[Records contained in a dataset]
-- -- --
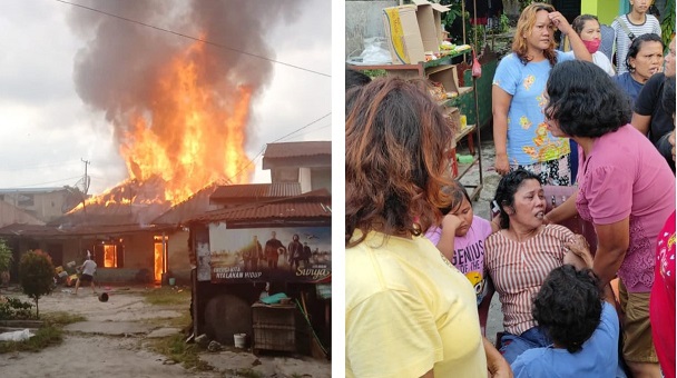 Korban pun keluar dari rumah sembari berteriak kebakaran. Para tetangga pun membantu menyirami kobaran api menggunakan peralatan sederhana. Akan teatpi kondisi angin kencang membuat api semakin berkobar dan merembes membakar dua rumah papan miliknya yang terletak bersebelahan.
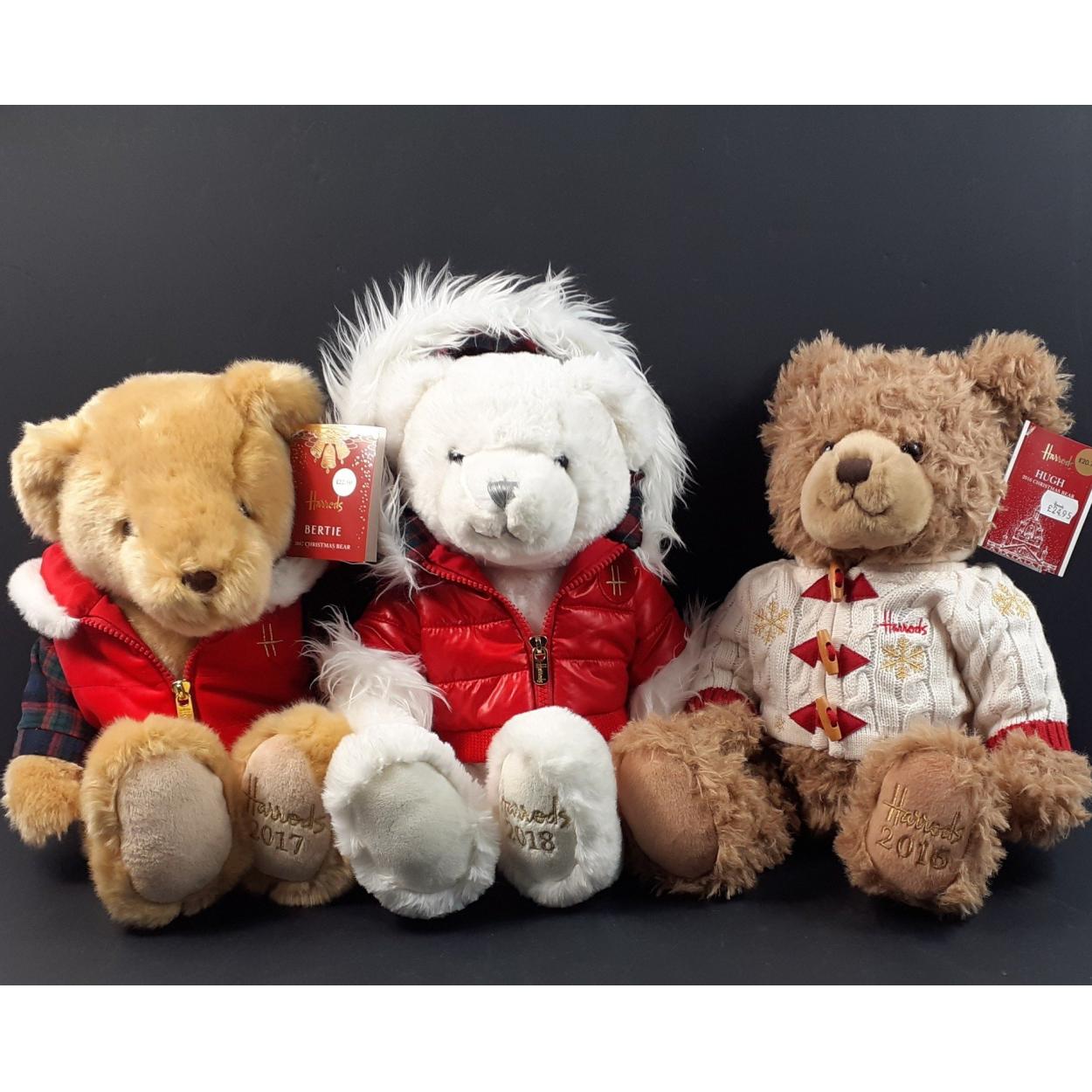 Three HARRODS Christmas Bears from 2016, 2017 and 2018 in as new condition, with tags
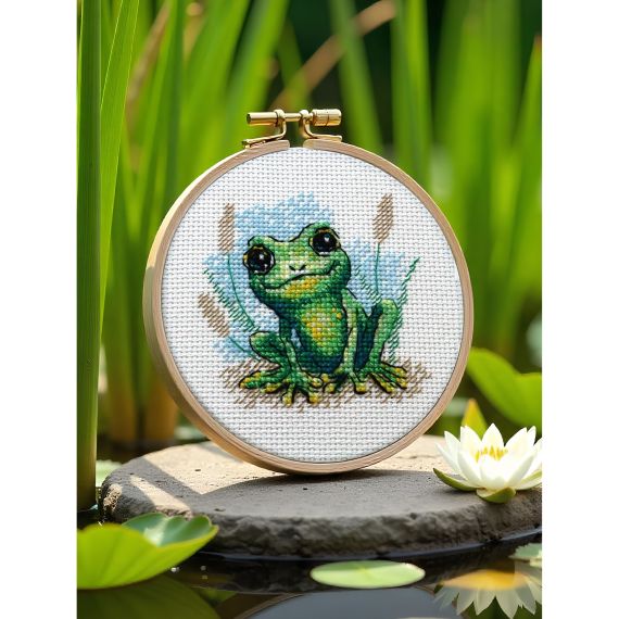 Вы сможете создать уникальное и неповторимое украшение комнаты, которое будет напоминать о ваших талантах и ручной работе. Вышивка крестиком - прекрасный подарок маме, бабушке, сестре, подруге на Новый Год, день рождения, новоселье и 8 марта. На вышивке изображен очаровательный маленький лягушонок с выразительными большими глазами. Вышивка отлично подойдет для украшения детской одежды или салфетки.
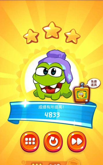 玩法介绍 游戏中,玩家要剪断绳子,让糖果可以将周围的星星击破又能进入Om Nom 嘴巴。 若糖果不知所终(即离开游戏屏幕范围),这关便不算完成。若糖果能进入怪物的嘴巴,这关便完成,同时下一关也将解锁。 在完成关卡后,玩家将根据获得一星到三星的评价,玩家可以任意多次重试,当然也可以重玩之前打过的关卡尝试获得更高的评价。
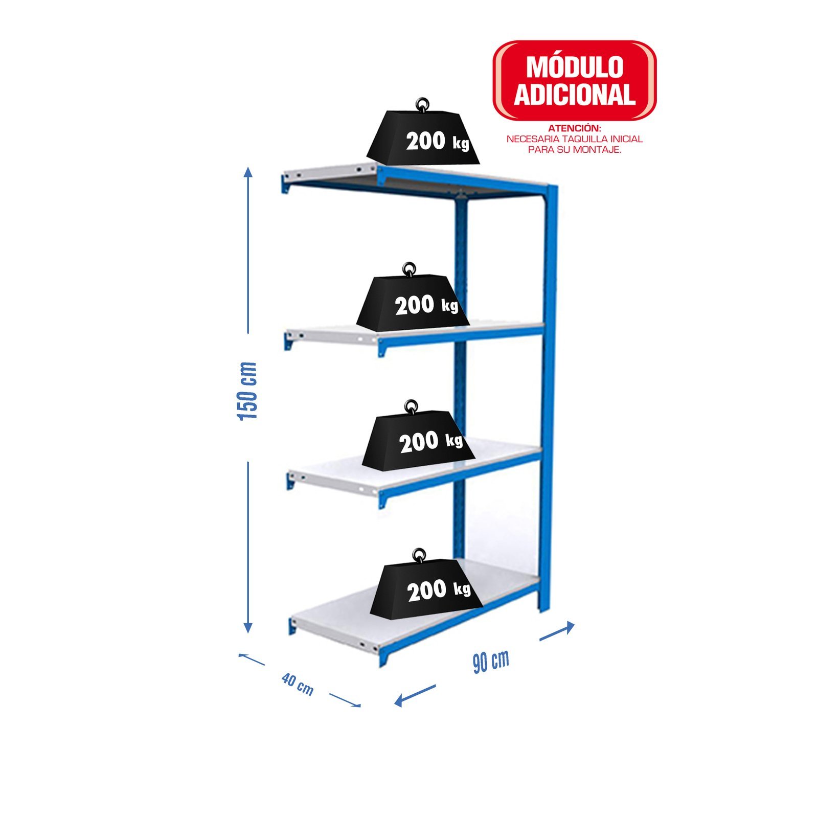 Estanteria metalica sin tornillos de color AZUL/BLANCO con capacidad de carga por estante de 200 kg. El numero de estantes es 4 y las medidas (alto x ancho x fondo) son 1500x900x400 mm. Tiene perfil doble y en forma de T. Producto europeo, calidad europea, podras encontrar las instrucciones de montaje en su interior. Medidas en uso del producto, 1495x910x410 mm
-- -- --
▸ **Work required**:
Leave out the pictures, and write out all the remaining data above exactly.

▸ **Exercise solution**:
 Korban pun keluar dari rumah sembari berteriak kebakaran. Para tetangga pun membantu menyirami kobaran api menggunakan peralatan sederhana. Akan teatpi kondisi angin kencang membuat api semakin berkobar dan merembes membakar dua rumah papan miliknya yang terletak bersebelahan.
 Three HARRODS Christmas Bears from 2016, 2017 and 2018 in as new condition, with tags
 Вы сможете создать уникальное и неповторимое украшение комнаты, которое будет напоминать о ваших талантах и ручной работе. Вышивка крестиком - прекрасный подарок маме, бабушке, сестре, подруге на Новый Год, день рождения, новоселье и 8 марта. На вышивке изображен очаровательный маленький лягушонок с выразительными большими глазами. Вышивка отлично подойдет для украшения детской одежды или салфетки.
 玩法介绍 游戏中,玩家要剪断绳子,让糖果可以将周围的星星击破又能进入Om Nom 嘴巴。 若糖果不知所终(即离开游戏屏幕范围),这关便不算完成。若糖果能进入怪物的嘴巴,这关便完成,同时下一关也将解锁。 在完成关卡后,玩家将根据获得一星到三星的评价,玩家可以任意多次重试,当然也可以重玩之前打过的关卡尝试获得更高的评价。
 Estanteria metalica sin tornillos de color AZUL/BLANCO con capacidad de carga por estante de 200 kg. El numero de estantes es 4 y las medidas (alto x ancho x fondo) son 1500x900x400 mm. Tiene perfil doble y en forma de T. Producto europeo, calidad europea, podras encontrar las instrucciones de montaje en su interior. Medidas en uso del producto, 1495x910x410 mm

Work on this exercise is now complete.